▶ [Records provided]:
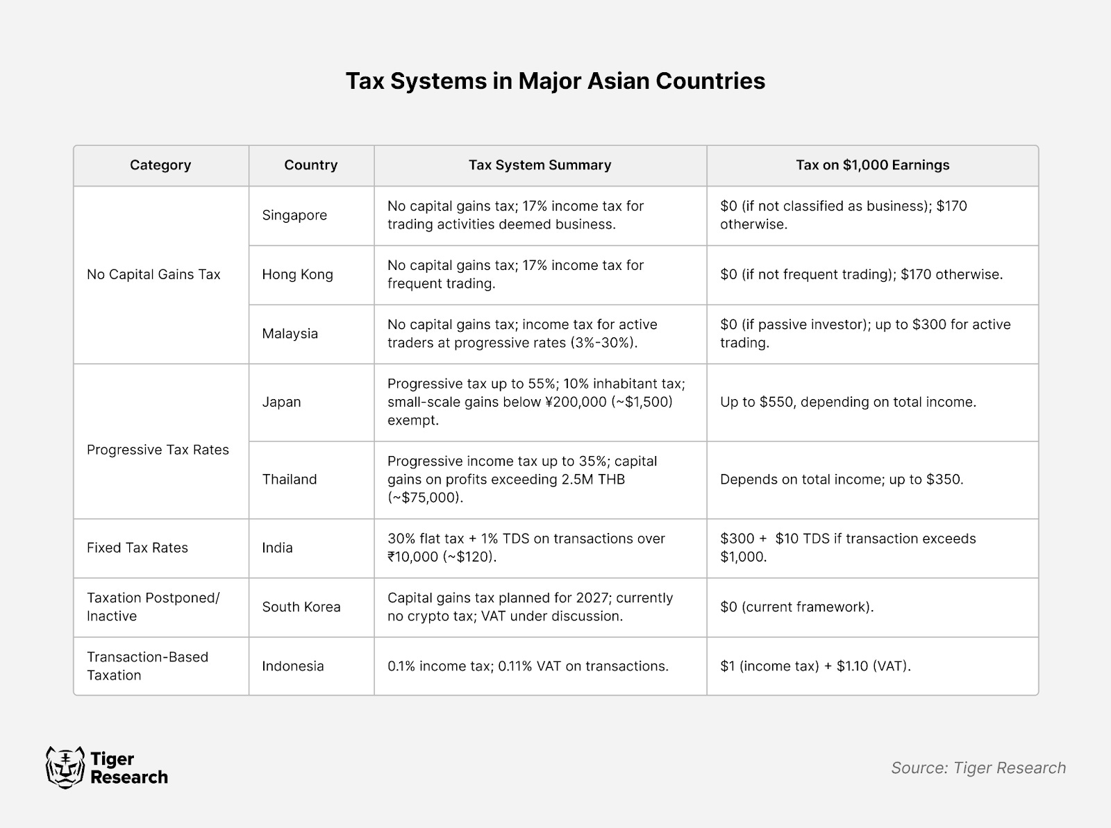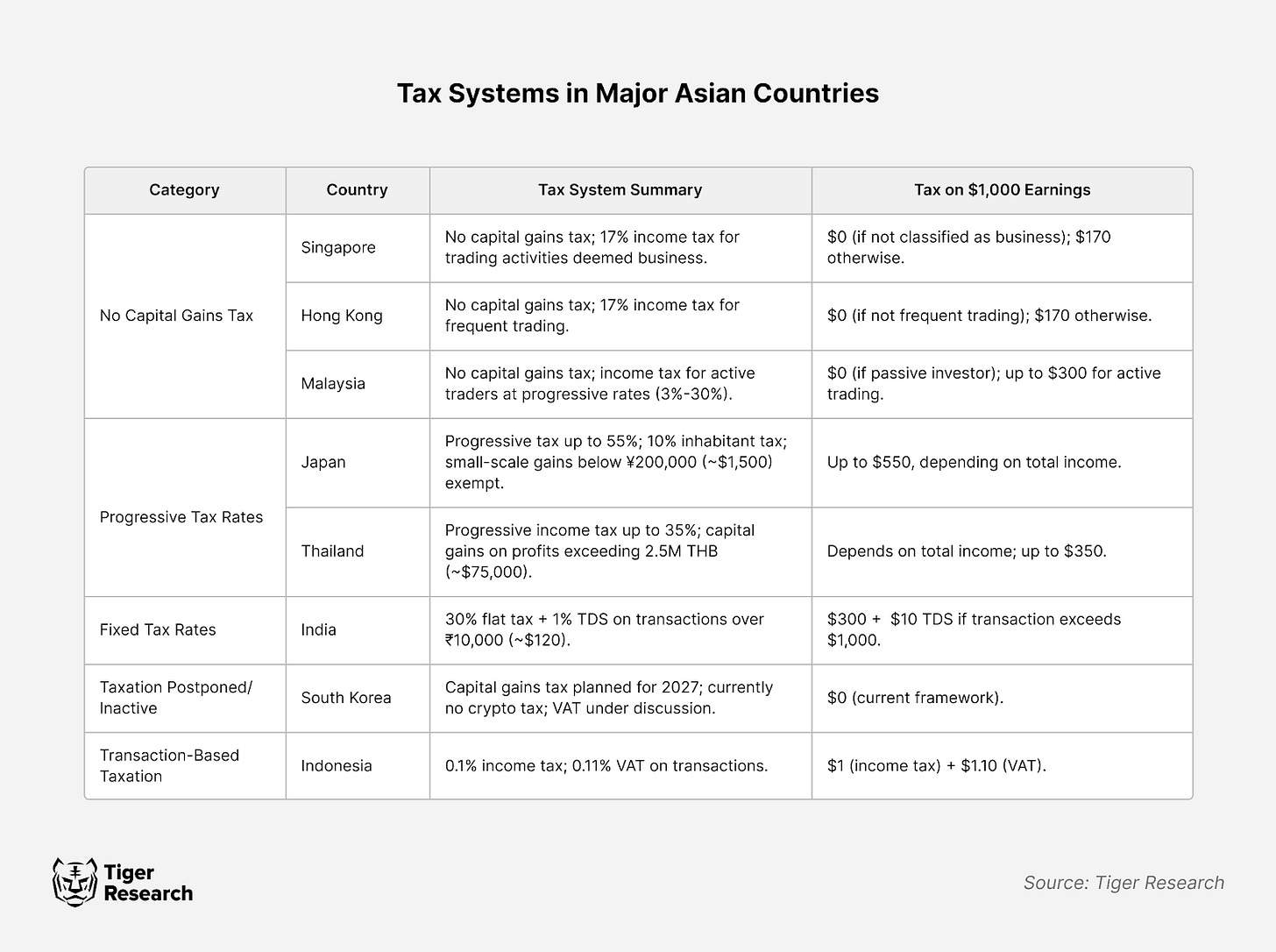 본 보고서는 타이거리서치가 작성했으며, 2024년 아시아 국가들의 암호화폐 과세 정책과 시장 발전에 미치는 영향을 분석했다.
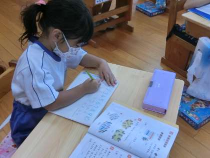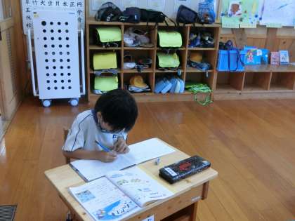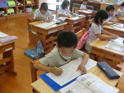 勉強しています。よく見ると髪の毛が濡れている子がいます。3時間目の予定だったプールを、暑さのことを考えて2時間目に繰り上げました。
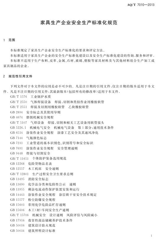 AQ/T 7010-2013 家具生产企业安全生产标准化规范
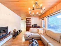 Olohuone on valoisa ja tilava. Takka ei ole käytössä, mutta toimii hyvin tunnelmanluojana ja on kiva lisä sisustuksessa.
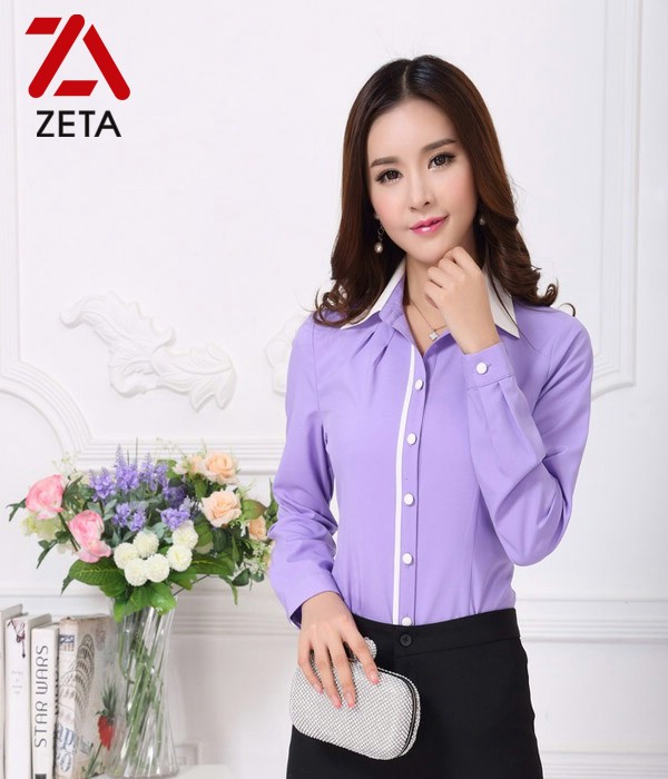 Đồng phục áo sơ mi nữ công sở được thiết kế kiểu cổ đức, cổ tàu, cổ sen mới mẻ làm tôn lên chiếc cổ cao của phụ nữ.
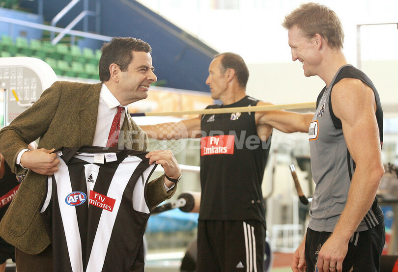 【メルボルン/オーストラリア 9日 AFP】主演を務めるビーン映画第2弾「Mr Bean’s Holiday」のプロモーションのため、オーストラリアを訪れている英国人コメディアンで俳優のローワン・アトキンソン(Rowan Atkinson)が9日、オーストラリアン・ルールズ・フットボール、AFL(Australian Football League)のチーム、コリンウッド・フットボール・クラブ(Collingwood Football Club)を訪問した。同映画は世界に先駆けて、オーストラリアとニュージーランドで29日から公開される。写真は同クラブの選手らと記念撮影を行なうアトキンソン(中央)。(c)AFP/William WEST
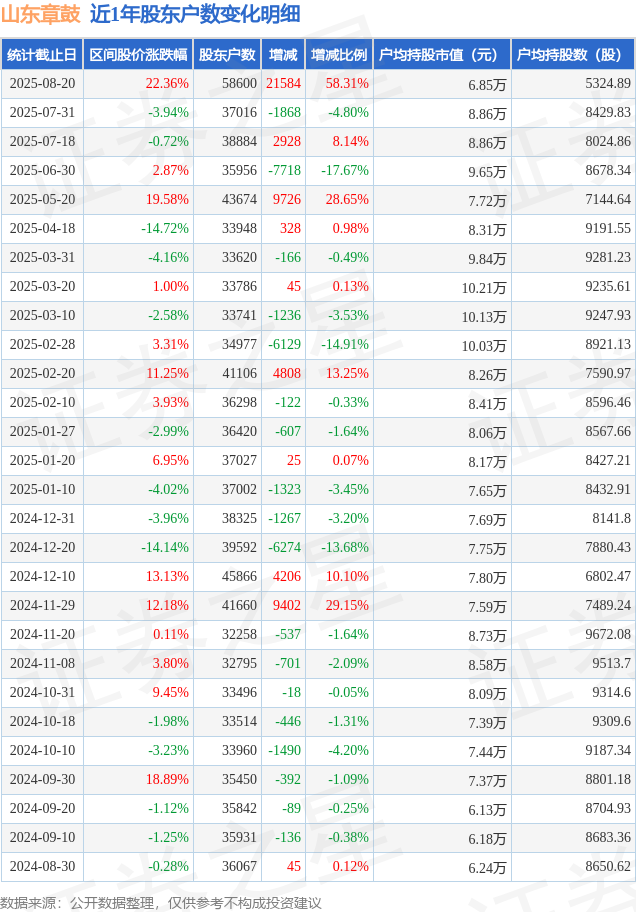 从股价来看,2025年7月31日至2025年8月20日,山东章鼓区间涨幅为22.36%,在此期间股东户数增加2.16万户,增幅为58.31%。
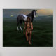 Fantasia, caçadora de arte amazônica com um cavalo de pinto nas montanhas, fantasia, poster de arte. Personalizar licença ccl
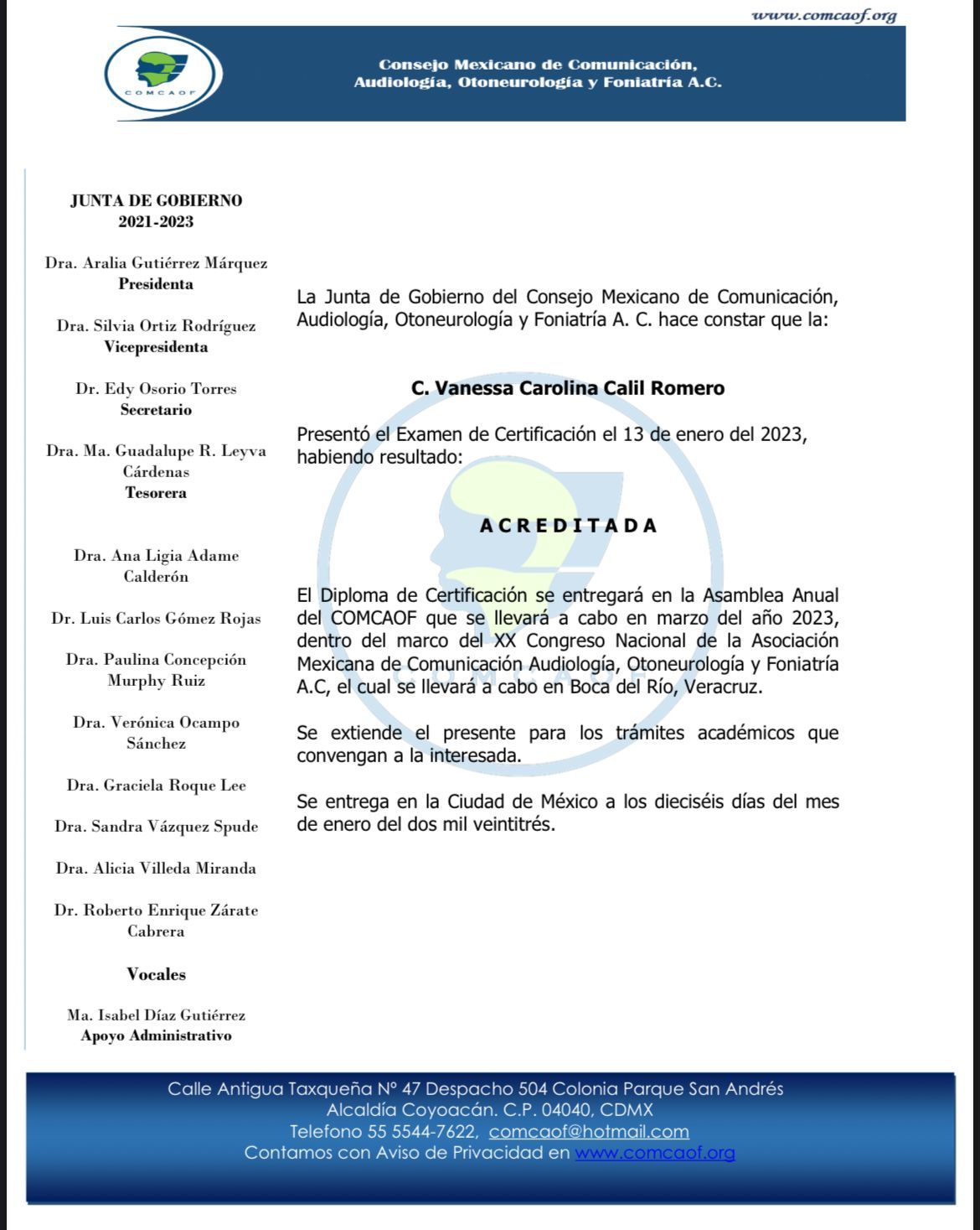 • Consultorio Dra. Vanessa Calil • Visita Audiología, Otoneurología y Foniatría •
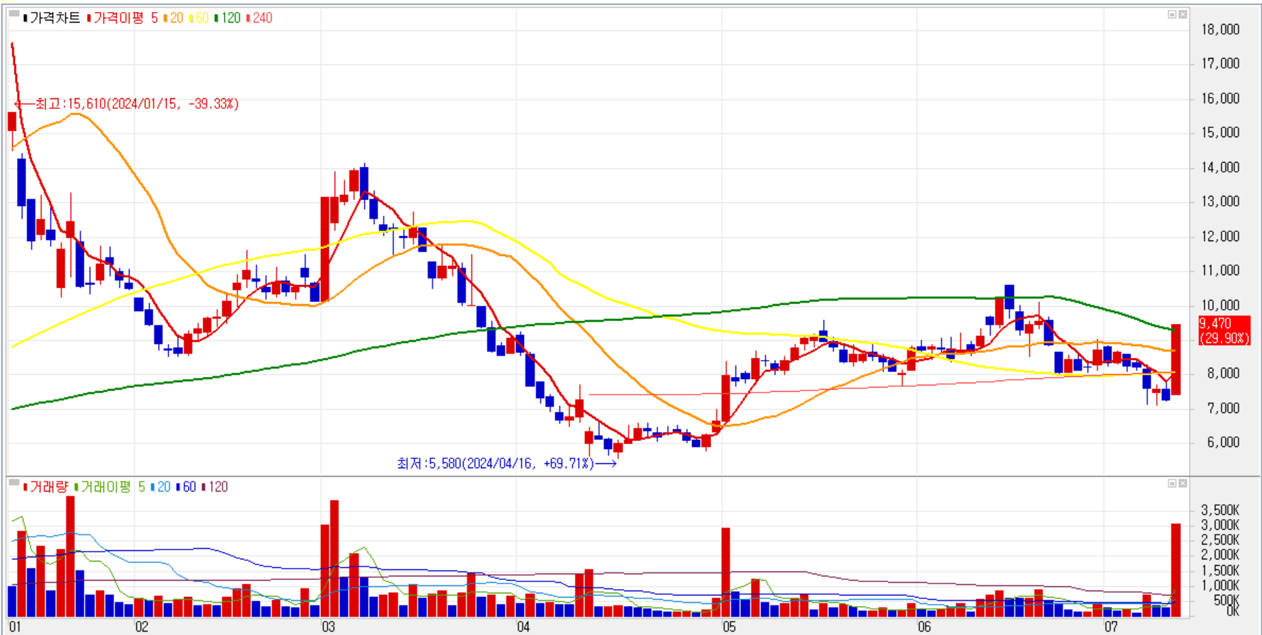 | 상한가 종목 및 천만주 이상 거래량 종목 분석(2024.07.05) (1) | 2024.07.05 |
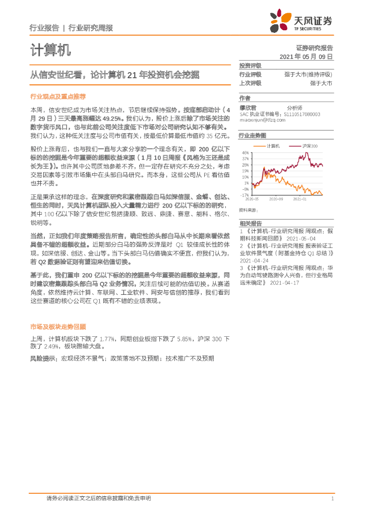 天风证券:计算机行业研究周报:从信安世纪看,论计算机21年投资机会挖掘.pdf
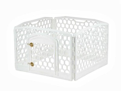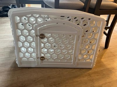 Iris pet playpen add-on panels help build the perfect play area for puppies, extra small to medium sized dogs and other family pets. Use the panels to create or add to an indoor dog Fence, play gate, dog play yards, or dog exercise Pens. The panels for the portable playpen provide plenty of play space for pets. The panels come in sets of two and each one measures 33. 6"W x 24"H, while the distance between bars is 1. 7''. The heavy-duty molded indoor pet pen panels will last for years. Pet panels can be positioned in different shapes and added to New IRIS pet Playpens, ci-604e to best suit your space capacity and pet's needs. The plastic panels securely snap together to keep your pet inside. The Add-On panels also feature a non-skid rubber foot to protect flooring. Made in the USA.

▶ [What this task involves]:
Give back the listing word for word, minus its images.

▶ [Problem solution]:
 본 보고서는 타이거리서치가 작성했으며, 2024년 아시아 국가들의 암호화폐 과세 정책과 시장 발전에 미치는 영향을 분석했다.
 勉強しています。よく見ると髪の毛が濡れている子がいます。3時間目の予定だったプールを、暑さのことを考えて2時間目に繰り上げました。
 AQ/T 7010-2013 家具生产企业安全生产标准化规范
 Olohuone on valoisa ja tilava. Takka ei ole käytössä, mutta toimii hyvin tunnelmanluojana ja on kiva lisä sisustuksessa.
 Đồng phục áo sơ mi nữ công sở được thiết kế kiểu cổ đức, cổ tàu, cổ sen mới mẻ làm tôn lên chiếc cổ cao của phụ nữ.
 【メルボルン/オーストラリア 9日 AFP】主演を務めるビーン映画第2弾「Mr Bean’s Holiday」のプロモーションのため、オーストラリアを訪れている英国人コメディアンで俳優のローワン・アトキンソン(Rowan Atkinson)が9日、オーストラリアン・ルールズ・フットボール、AFL(Australian Football League)のチーム、コリンウッド・フットボール・クラブ(Collingwood Football Club)を訪問した。同映画は世界に先駆けて、オーストラリアとニュージーランドで29日から公開される。写真は同クラブの選手らと記念撮影を行なうアトキンソン(中央)。(c)AFP/William WEST
 从股价来看,2025年7月31日至2025年8月20日,山东章鼓区间涨幅为22.36%,在此期间股东户数增加2.16万户,增幅为58.31%。
 Fantasia, caçadora de arte amazônica com um cavalo de pinto nas montanhas, fantasia, poster de arte. Personalizar licença ccl
 • Consultorio Dra. Vanessa Calil • Visita Audiología, Otoneurología y Foniatría •
 | 상한가 종목 및 천만주 이상 거래량 종목 분석(2024.07.05) (1) | 2024.07.05 |
 天风证券:计算机行业研究周报:从信安世纪看,论计算机21年投资机会挖掘.pdf
 Iris pet playpen add-on panels help build the perfect play area for puppies, extra small to medium sized dogs and other family pets. Use the panels to create or add to an indoor dog Fence, play gate, dog play yards, or dog exercise Pens. The panels for the portable playpen provide plenty of play space for pets. The panels come in sets of two and each one measures 33. 6"W x 24"H, while the distance between bars is 1. 7''. The heavy-duty molded indoor pet pen panels will last for years. Pet panels can be positioned in different shapes and added to New IRIS pet Playpens, ci-604e to best suit your space capacity and pet's needs. The plastic panels securely snap together to keep your pet inside. The Add-On panels also feature a non-skid rubber foot to protect flooring. Made in the USA.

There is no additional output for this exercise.